What is expected: Every line below is to be given again precisely; images are to be left out.
*** Record excerpts ***
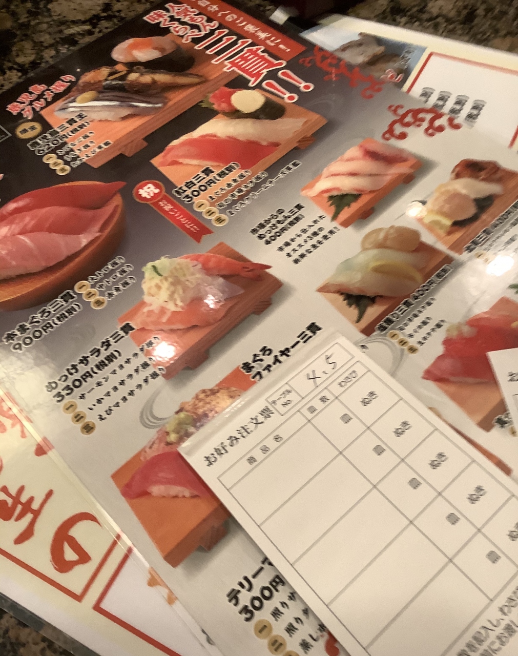 回転寿司ですが混んでるお昼時に乗ってたお皿が残ってるだけで他はお品書きが回っててメモに書いて注文するようになってました。
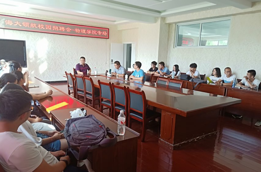 6月27日下午,物理科学与技术学院在逸夫楼2楼重点实验室召开了海大领航学校校园招聘会,本次招聘会的讲师是由海大领航学校的郑老师和陈老师担任,物理学院辅导员王凯出席,20余名有意愿担任教师工作的毕业生参加了此次招聘会。
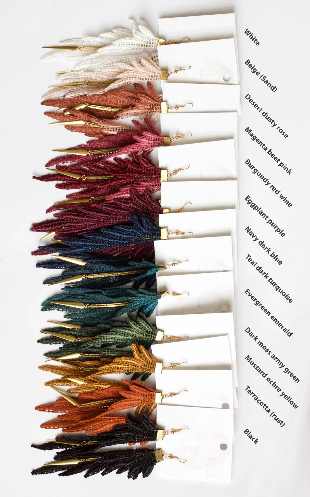 Création locale, faite à la main avec amour, talent et passion à Montréal. Ces boucles d’oreilles extrêmement légères possèdent un équilibre parfait entre la taille, le poids et la forme. Leur forme permet d’allonger délicatement le cou et convient à presque tout le monde! Les boucles d’oreilles Pendulum sont composées de dentelle vintage teinte à […]
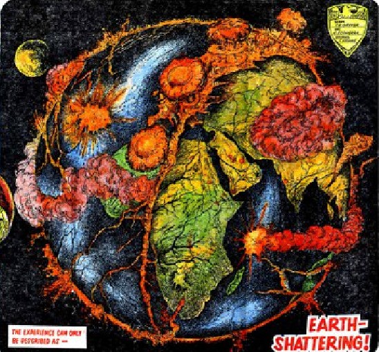 Usual Designator: None. Also known as: N.A. Multiverse: Judge Dredd Significant locals: None Significant locations: None Visited by: Mega-City One's TADs. Local travellers: None First appeared: The Apocalypse War, Judge Dredd, 2000 A.D. Prog 250 History: A peaceful and idyllic Earth that had enjoyed 1000 years of total peace. It was totally destroyed during the Apocalypse War when East-Meg One's Apocalypse Shield diverted Mega-City One's Total Annihilation Devices to it. The destruction of this world opened a dimension warp that dragged two alternate realities adjacent to it together, merging them in insane ways. Comments: Created by John Wagner and Alan Grant.
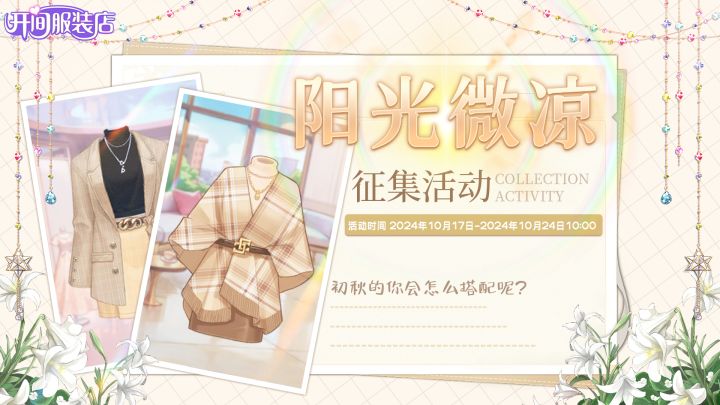 各位闪耀的店长大家好呀~~秋意渐浓,阳光微凉,又到了初秋不知该穿什么衣服的时节了。街上来来往往的行人总能穿出四个不同的季节,在这样继续穿搭灵感的时候,不如来《开间服装店》来找找灵感吧!现在参与本次「阳光微凉」话题讨论,分享3套初秋穿搭,即可获得活动好礼!活动时间:2024年10月17日-2024年10月24日10:00发奖时间:2024年10月25日🎁🎁活动好礼:大额支票*5,快递箱*1
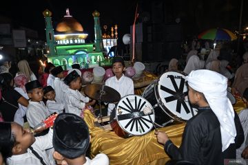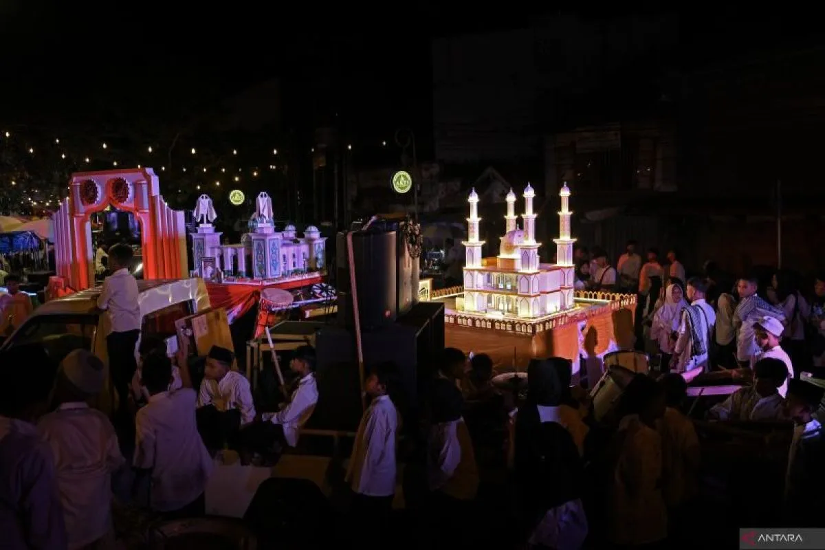 Anak-anak memukul drum saat takbir keliling di kawasan kota tua Ampenan, Mataram, NTB, Jumat (20/3/2026). Kegiatan tersebut diselenggarakan dalam rangka menyambut Hari Raya Idul Fitri 2026 yang jatuh pada hari Sabtu (21/3). ANTARA FOTO/Ahmad Subaidi/agr
*** End of Record excerpts ***
Problem solution:
 回転寿司ですが混んでるお昼時に乗ってたお皿が残ってるだけで他はお品書きが回っててメモに書いて注文するようになってました。
 6月27日下午,物理科学与技术学院在逸夫楼2楼重点实验室召开了海大领航学校校园招聘会,本次招聘会的讲师是由海大领航学校的郑老师和陈老师担任,物理学院辅导员王凯出席,20余名有意愿担任教师工作的毕业生参加了此次招聘会。
 Création locale, faite à la main avec amour, talent et passion à Montréal. Ces boucles d’oreilles extrêmement légères possèdent un équilibre parfait entre la taille, le poids et la forme. Leur forme permet d’allonger délicatement le cou et convient à presque tout le monde! Les boucles d’oreilles Pendulum sont composées de dentelle vintage teinte à […]
 Usual Designator: None. Also known as: N.A. Multiverse: Judge Dredd Significant locals: None Significant locations: None Visited by: Mega-City One's TADs. Local travellers: None First appeared: The Apocalypse War, Judge Dredd, 2000 A.D. Prog 250 History: A peaceful and idyllic Earth that had enjoyed 1000 years of total peace. It was totally destroyed during the Apocalypse War when East-Meg One's Apocalypse Shield diverted Mega-City One's Total Annihilation Devices to it. The destruction of this world opened a dimension warp that dragged two alternate realities adjacent to it together, merging them in insane ways. Comments: Created by John Wagner and Alan Grant.
 各位闪耀的店长大家好呀~~秋意渐浓,阳光微凉,又到了初秋不知该穿什么衣服的时节了。街上来来往往的行人总能穿出四个不同的季节,在这样继续穿搭灵感的时候,不如来《开间服装店》来找找灵感吧!现在参与本次「阳光微凉」话题讨论,分享3套初秋穿搭,即可获得活动好礼!活动时间:2024年10月17日-2024年10月24日10:00发奖时间:2024年10月25日🎁🎁活动好礼:大额支票*5,快递箱*1
 Anak-anak memukul drum saat takbir keliling di kawasan kota tua Ampenan, Mataram, NTB, Jumat (20/3/2026). Kegiatan tersebut diselenggarakan dalam rangka menyambut Hari Raya Idul Fitri 2026 yang jatuh pada hari Sabtu (21/3). ANTARA FOTO/Ahmad Subaidi/agr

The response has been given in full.